Retype the listing exactly, with no images.
=== COLLECTED MATERIAL ===
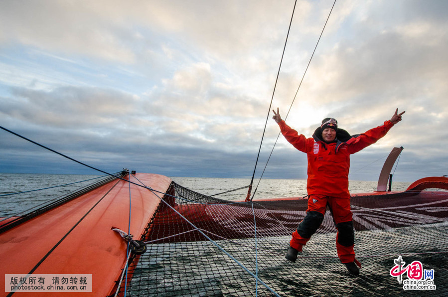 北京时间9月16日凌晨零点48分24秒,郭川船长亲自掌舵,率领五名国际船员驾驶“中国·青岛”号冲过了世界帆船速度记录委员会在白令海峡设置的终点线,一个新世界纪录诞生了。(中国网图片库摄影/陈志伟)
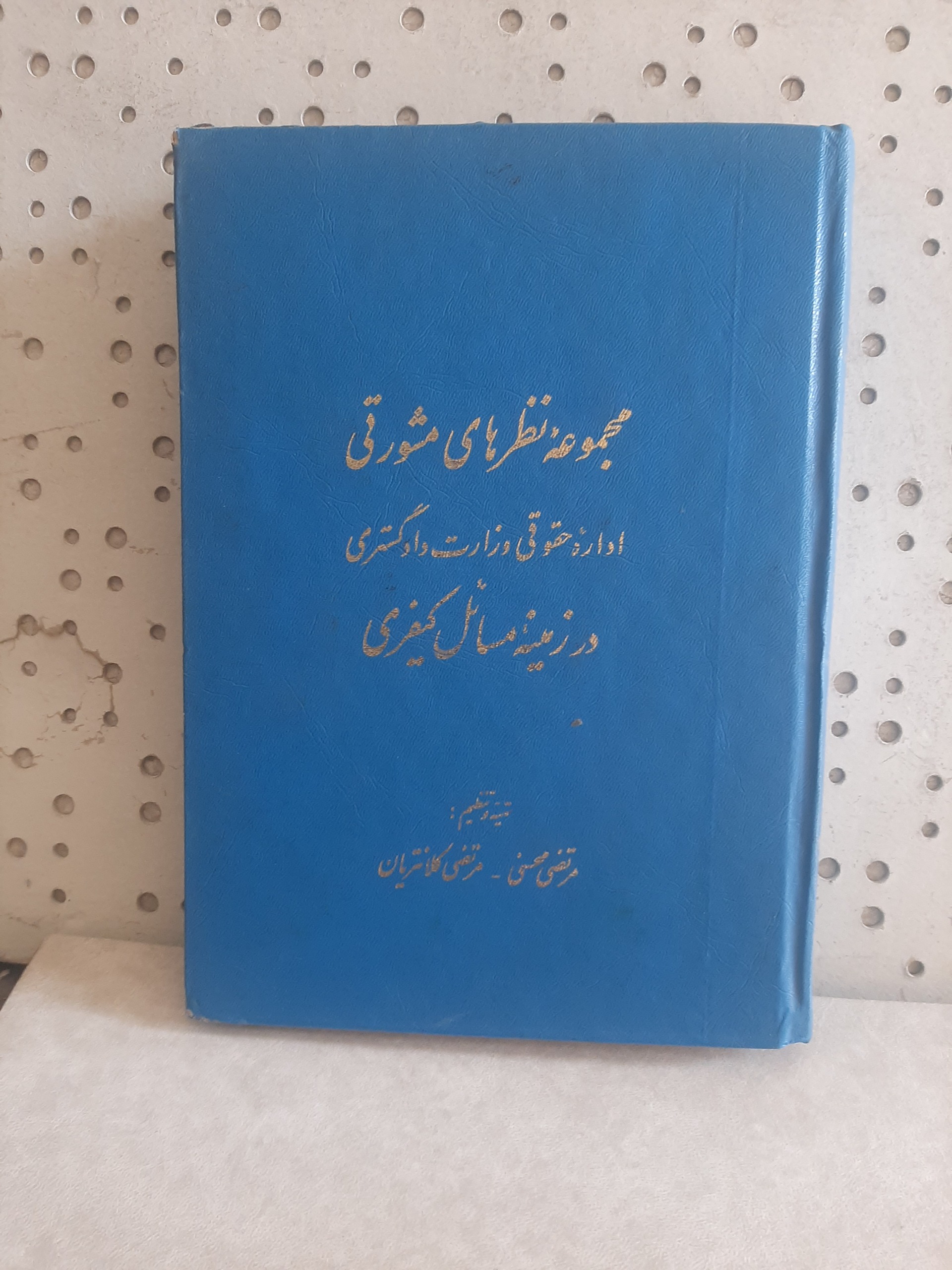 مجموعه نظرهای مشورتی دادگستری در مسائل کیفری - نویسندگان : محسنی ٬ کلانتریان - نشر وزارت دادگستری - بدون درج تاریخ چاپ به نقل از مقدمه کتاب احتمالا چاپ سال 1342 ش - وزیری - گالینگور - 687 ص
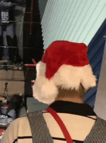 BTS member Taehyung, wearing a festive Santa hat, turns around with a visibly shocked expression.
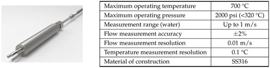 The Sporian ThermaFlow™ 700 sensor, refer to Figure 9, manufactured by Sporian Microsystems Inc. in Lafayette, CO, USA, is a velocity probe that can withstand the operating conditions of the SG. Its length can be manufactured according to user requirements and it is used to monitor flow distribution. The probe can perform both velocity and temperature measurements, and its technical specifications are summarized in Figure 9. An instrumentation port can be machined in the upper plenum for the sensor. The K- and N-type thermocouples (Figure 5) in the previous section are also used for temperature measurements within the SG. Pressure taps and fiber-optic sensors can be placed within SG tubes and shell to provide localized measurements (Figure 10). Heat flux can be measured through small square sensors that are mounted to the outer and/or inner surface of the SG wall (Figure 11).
===
◆ REPLY TO THE TASK ◆
 北京时间9月16日凌晨零点48分24秒,郭川船长亲自掌舵,率领五名国际船员驾驶“中国·青岛”号冲过了世界帆船速度记录委员会在白令海峡设置的终点线,一个新世界纪录诞生了。(中国网图片库摄影/陈志伟)
 مجموعه نظرهای مشورتی دادگستری در مسائل کیفری - نویسندگان : محسنی ٬ کلانتریان - نشر وزارت دادگستری - بدون درج تاریخ چاپ به نقل از مقدمه کتاب احتمالا چاپ سال 1342 ش - وزیری - گالینگور - 687 ص
 BTS member Taehyung, wearing a festive Santa hat, turns around with a visibly shocked expression.
 The Sporian ThermaFlow™ 700 sensor, refer to Figure 9, manufactured by Sporian Microsystems Inc. in Lafayette, CO, USA, is a velocity probe that can withstand the operating conditions of the SG. Its length can be manufactured according to user requirements and it is used to monitor flow distribution. The probe can perform both velocity and temperature measurements, and its technical specifications are summarized in Figure 9. An instrumentation port can be machined in the upper plenum for the sensor. The K- and N-type thermocouples (Figure 5) in the previous section are also used for temperature measurements within the SG. Pressure taps and fiber-optic sensors can be placed within SG tubes and shell to provide localized measurements (Figure 10). Heat flux can be measured through small square sensors that are mounted to the outer and/or inner surface of the SG wall (Figure 11).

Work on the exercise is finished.